Interim leader Arseniy Yatsenyuk’s warning to ‘traitors’ stirred old memories of the ‘bloodlands’. EPA/Andrew Kravchenko

For the sake of my Ukrainian friends and this incredible country where pluralistic national and ethnic identities abound, I hope none of this happens. But I couldn’t have been the only historian of these “bloodlands” whose ears pricked up when Ukraine’s interim prime minister Arseniy Yatseniuk, an avowed democrat, promised to hunt down pro-Russian politicians (traitors) who backed the Crimean referendum on joining Russia. He said:

The ground will burn under their feet.

Coming from overly dramatic Ukrainian politicians who are well versed in the ridiculous soap opera that is Ukrainian politics, these are probably empty threats. But maybe not.

The language of civil war is beginning to take root. Once it does, moderate Ukrainian politicians will no longer be heard. We know of other times when “traitors” were threatened during the mobilisation of civil militias to defend the motherland from the Soviets/Russians.

In the insurgency against the Soviets, this usually meant that nationalist forces killed Russian speakers, Jews and Poles by default.
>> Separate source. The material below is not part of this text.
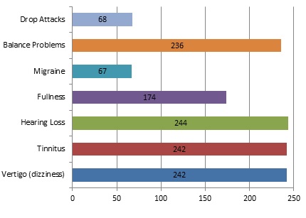 It is probably not surprising that almost all our respondents reported ‘vertigo’, ‘tinnitus’, ‘hearing loss’, and ‘balance problems’. More than half reported ‘aural fullness’, but about a quarter had migraine, and a similar number reported ‘drop attacks’. The Society thus is fulfilling its objectives to support and assist sufferers from these conditions, and we appear successful in this so please ‘spread the word’.
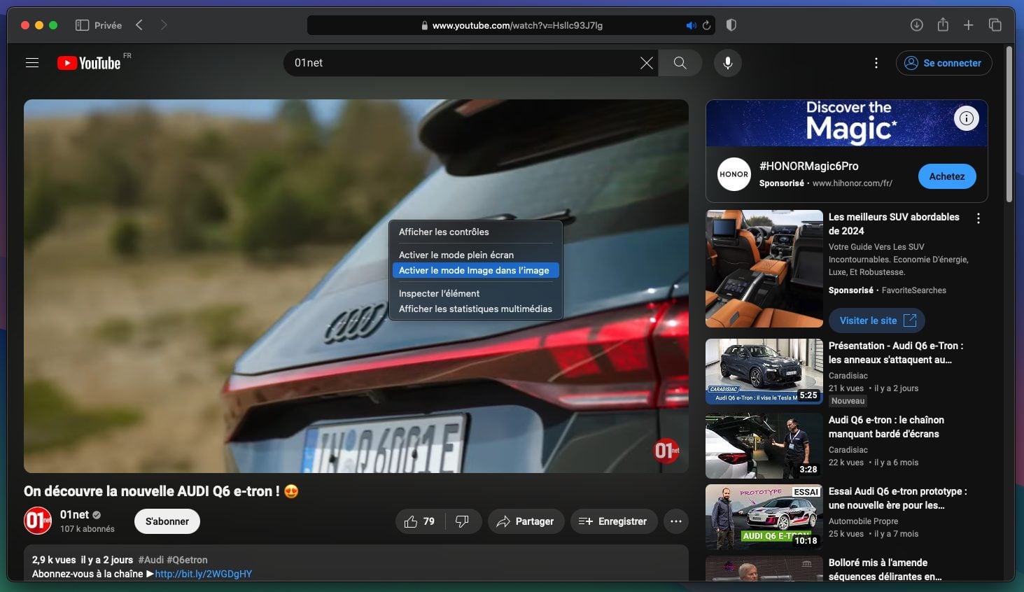 Pour ce faire, pendant la lecture d’une vidéo, faites un premier clic droit sur la vidéo, puis un second clic droit en décalant légèrement le curseur de la souris. Dans le menu contextuel qui s’affiche, choisissez Mode PiP (Picture-in-Picture).

But they also killed poor west Ukrainian farmers – their supposed ethnic brethren. From 1944 onward most of these “traitors to the nationalist cause” gave up their grain to the gun-wielding Soviet requisitioning teams instead of the gun-wielding Ukrainian ones, or submitted to the Red Army’s threats to join them instead of the nationalists.

Either way, the farmers or, in their absence, their wives and children, ended up drowned below the ice of frozen rivers or were left hanging above them by their feet after being tortured to death. No burnt ground in either case, just burning memories.